Available data:
^^^^^^^^^^^^^^^^

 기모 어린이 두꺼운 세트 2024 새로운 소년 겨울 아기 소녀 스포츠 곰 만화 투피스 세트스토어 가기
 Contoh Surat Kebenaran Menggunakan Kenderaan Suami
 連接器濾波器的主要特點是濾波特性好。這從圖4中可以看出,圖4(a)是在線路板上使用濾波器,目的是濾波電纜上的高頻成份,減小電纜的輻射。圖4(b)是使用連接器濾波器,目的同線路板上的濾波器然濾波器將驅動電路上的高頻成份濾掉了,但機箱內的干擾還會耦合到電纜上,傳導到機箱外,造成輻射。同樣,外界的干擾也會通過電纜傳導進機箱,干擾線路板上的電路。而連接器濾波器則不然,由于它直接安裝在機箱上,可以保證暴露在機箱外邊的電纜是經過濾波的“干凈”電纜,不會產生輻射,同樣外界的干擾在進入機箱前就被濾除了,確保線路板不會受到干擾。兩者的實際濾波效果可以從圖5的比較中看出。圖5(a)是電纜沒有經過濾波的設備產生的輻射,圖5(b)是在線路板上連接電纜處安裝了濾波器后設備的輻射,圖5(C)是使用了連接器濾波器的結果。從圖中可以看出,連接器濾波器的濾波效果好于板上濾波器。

^^^^^^^^^^^^^^^^

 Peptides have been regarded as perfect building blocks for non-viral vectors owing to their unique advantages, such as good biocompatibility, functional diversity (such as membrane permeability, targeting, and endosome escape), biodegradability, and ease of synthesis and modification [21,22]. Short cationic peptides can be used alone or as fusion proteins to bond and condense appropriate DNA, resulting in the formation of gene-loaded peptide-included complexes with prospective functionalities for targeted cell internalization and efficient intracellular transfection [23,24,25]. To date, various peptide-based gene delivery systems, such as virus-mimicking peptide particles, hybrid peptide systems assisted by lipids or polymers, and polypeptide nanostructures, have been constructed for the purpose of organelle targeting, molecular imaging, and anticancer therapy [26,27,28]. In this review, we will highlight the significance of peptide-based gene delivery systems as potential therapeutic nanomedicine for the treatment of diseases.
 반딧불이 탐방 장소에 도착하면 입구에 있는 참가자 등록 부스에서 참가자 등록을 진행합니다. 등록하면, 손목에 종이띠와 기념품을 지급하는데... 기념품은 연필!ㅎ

^^^^^^^^^^^^^^^^

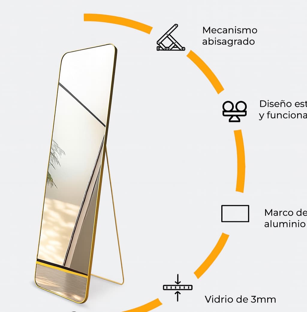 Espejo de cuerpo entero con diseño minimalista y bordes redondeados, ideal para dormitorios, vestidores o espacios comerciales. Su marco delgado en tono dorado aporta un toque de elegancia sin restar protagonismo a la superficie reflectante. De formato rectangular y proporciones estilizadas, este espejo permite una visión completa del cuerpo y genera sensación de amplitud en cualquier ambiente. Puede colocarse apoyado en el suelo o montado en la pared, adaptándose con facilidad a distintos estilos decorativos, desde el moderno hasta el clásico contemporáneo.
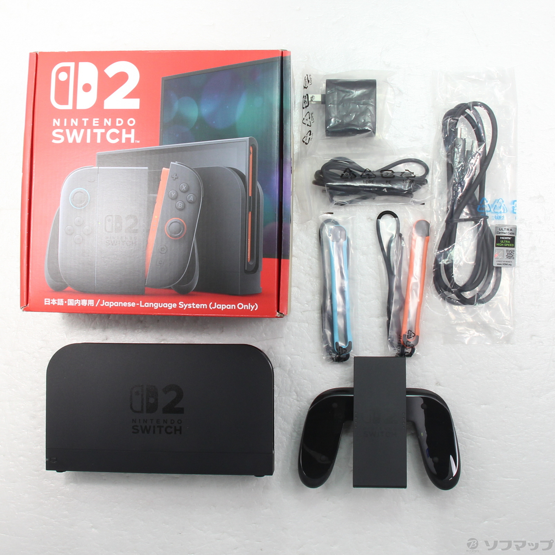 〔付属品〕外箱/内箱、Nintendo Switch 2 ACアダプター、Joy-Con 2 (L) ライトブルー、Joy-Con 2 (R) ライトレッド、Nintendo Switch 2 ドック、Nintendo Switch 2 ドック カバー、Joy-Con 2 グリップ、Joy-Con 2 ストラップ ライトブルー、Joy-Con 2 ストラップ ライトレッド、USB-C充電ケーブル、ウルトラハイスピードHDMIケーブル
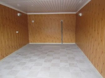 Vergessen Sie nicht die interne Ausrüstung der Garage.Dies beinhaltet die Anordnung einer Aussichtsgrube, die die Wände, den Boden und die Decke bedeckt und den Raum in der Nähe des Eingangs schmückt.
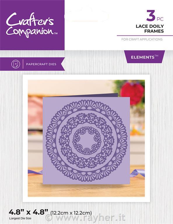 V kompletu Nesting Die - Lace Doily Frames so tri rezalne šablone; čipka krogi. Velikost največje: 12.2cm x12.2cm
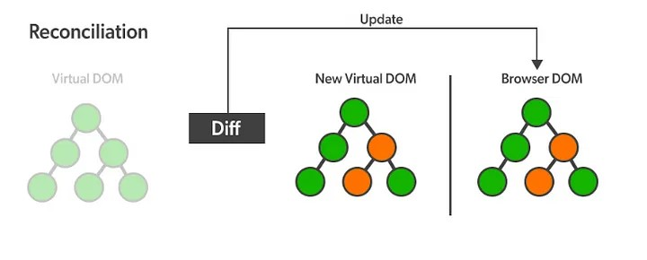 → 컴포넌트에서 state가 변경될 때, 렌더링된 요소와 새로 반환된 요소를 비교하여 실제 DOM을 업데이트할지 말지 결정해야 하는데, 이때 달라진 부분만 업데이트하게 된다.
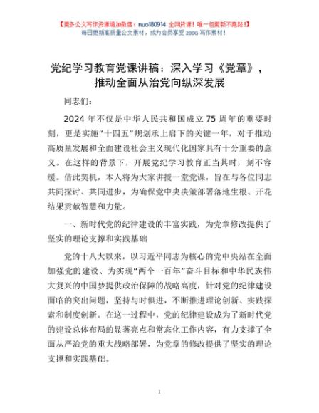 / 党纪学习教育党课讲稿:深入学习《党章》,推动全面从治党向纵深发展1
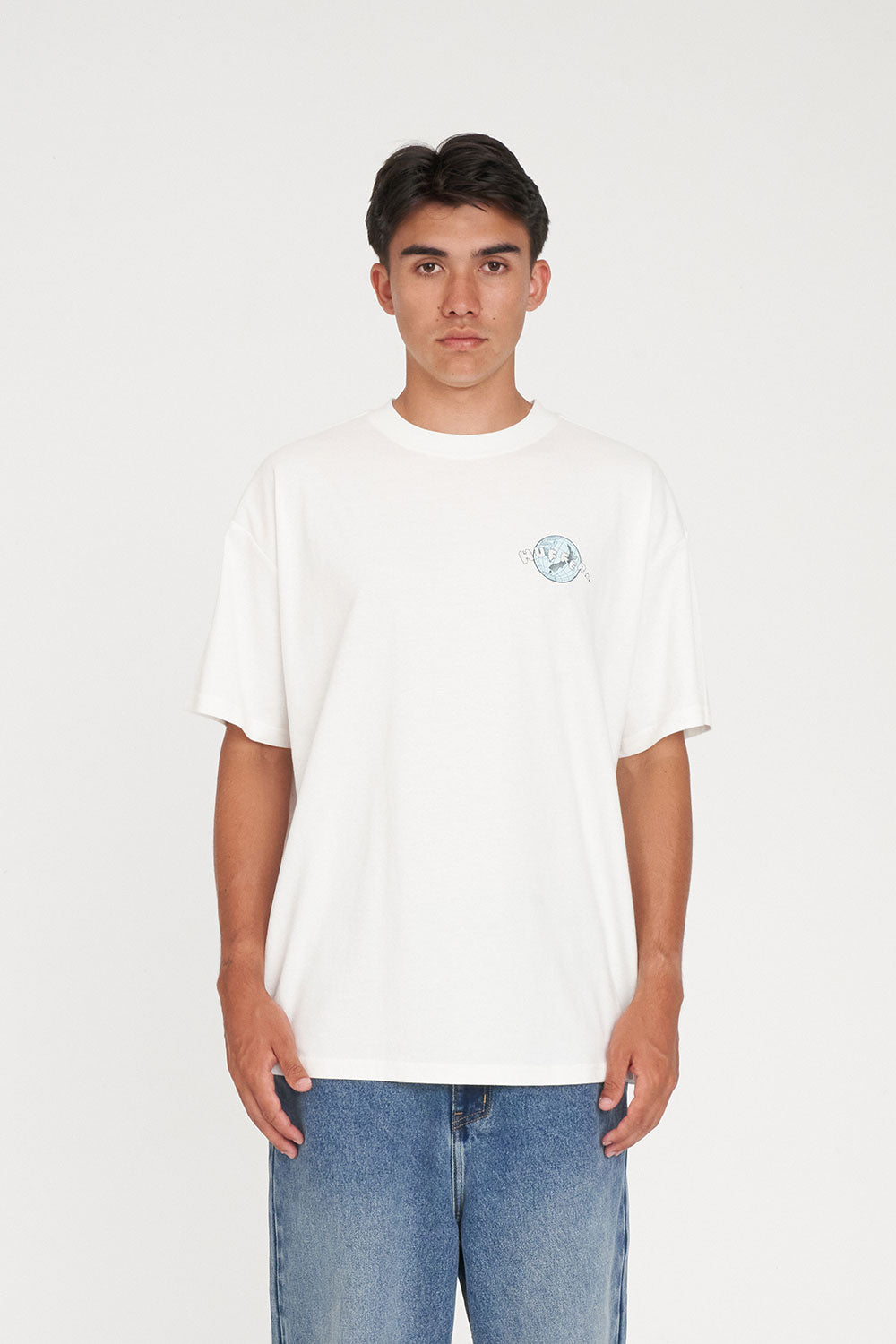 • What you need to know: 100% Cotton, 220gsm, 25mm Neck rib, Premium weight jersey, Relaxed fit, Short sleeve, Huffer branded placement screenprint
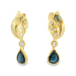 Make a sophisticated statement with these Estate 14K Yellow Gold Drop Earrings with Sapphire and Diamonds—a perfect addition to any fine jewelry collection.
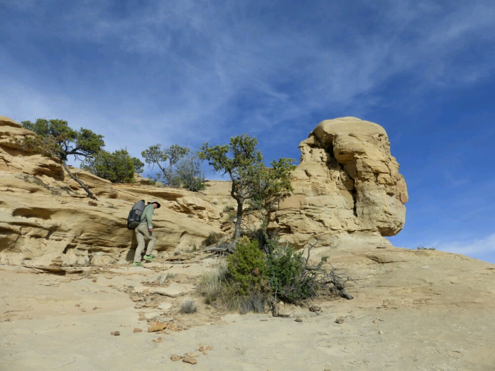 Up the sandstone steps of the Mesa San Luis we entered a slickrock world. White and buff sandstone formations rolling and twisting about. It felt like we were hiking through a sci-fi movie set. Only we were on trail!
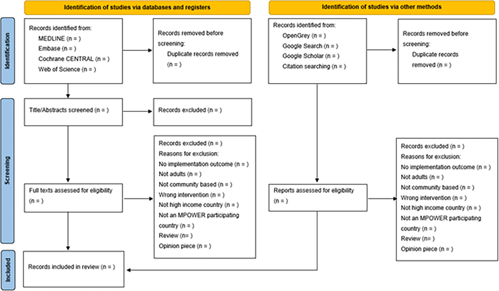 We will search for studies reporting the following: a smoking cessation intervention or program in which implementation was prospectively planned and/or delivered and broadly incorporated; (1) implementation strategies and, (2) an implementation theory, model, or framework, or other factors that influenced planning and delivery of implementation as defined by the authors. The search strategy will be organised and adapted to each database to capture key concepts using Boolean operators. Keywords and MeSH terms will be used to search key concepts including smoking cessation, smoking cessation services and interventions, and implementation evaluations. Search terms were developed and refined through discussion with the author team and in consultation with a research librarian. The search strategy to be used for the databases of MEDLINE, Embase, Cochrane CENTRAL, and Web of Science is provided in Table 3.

^^^^^^^^^^^^^^^^

Task to complete: Produce an exact reproduction of the listing above, limited to the lines starting at the line with "부분만 업데이트하게 된다." and ending at the line with "Make a sophisticated", both kept, with every picture left out.

Exercise response:
 → 컴포넌트에서 state가 변경될 때, 렌더링된 요소와 새로 반환된 요소를 비교하여 실제 DOM을 업데이트할지 말지 결정해야 하는데, 이때 달라진 부분만 업데이트하게 된다.
 / 党纪学习教育党课讲稿:深入学习《党章》,推动全面从治党向纵深发展1
 • What you need to know: 100% Cotton, 220gsm, 25mm Neck rib, Premium weight jersey, Relaxed fit, Short sleeve, Huffer branded placement screenprint
 Make a sophisticated statement with these Estate 14K Yellow Gold Drop Earrings with Sapphire and Diamonds—a perfect addition to any fine jewelry collection.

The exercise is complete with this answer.